### TASK INSTRUCTIONS
With the pictures left out, write out exactly the lines of the listing below that run from the line with "A collection of" through the line with "Квартира с кухней-гостиной".

### RECORDS PROVIDED
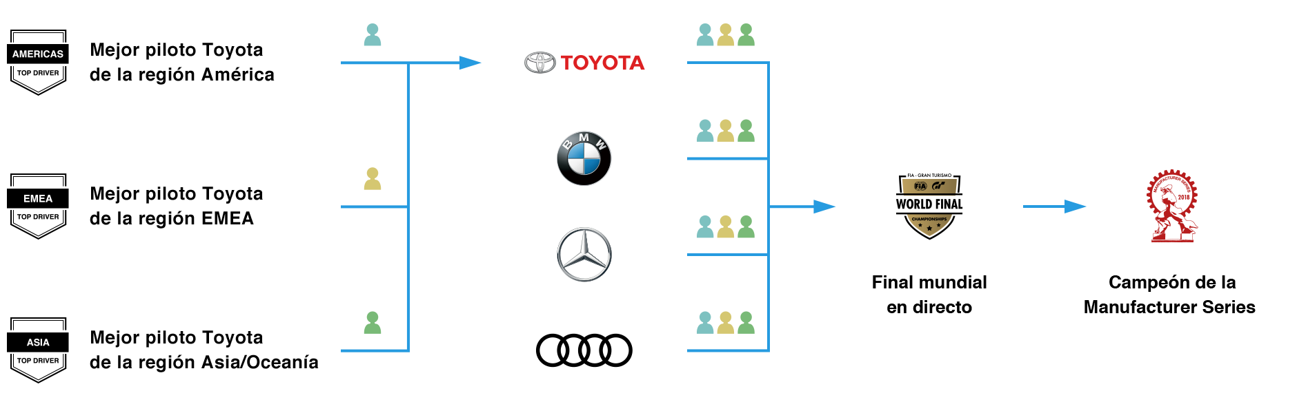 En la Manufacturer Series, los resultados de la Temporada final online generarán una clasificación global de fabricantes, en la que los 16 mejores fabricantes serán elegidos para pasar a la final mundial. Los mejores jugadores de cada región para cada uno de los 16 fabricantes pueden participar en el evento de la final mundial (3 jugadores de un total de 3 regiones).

* * *

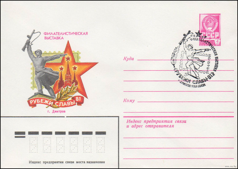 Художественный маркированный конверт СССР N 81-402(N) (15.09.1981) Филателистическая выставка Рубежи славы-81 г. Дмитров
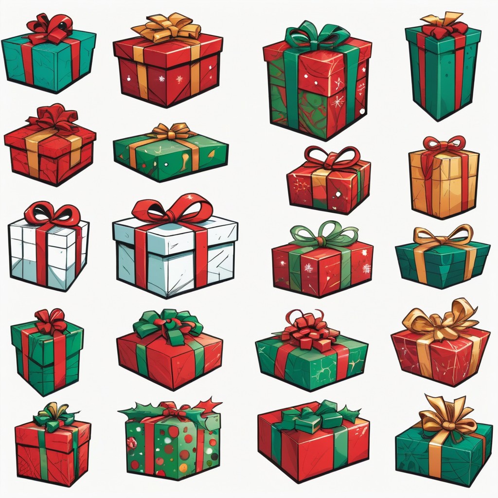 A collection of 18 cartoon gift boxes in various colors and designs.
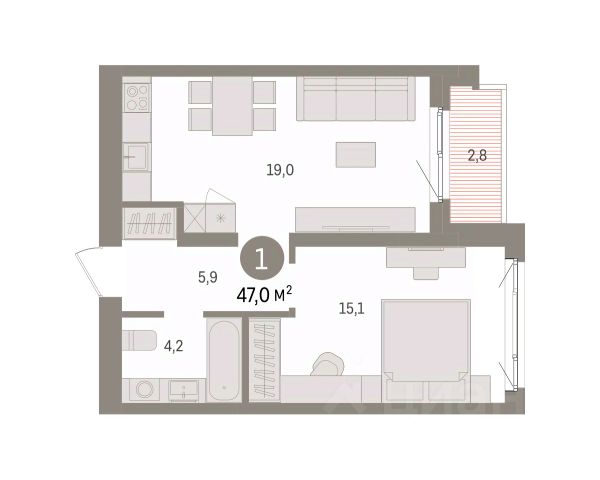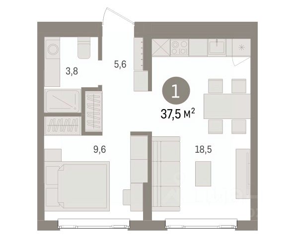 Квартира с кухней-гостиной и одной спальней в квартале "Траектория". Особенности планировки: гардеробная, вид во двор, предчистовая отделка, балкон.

### SOLUTION TO THIS TASK
 A collection of 18 cartoon gift boxes in various colors and designs.
 Квартира с кухней-гостиной и одной спальней в квартале "Траектория". Особенности планировки: гардеробная, вид во двор, предчистовая отделка, балкон.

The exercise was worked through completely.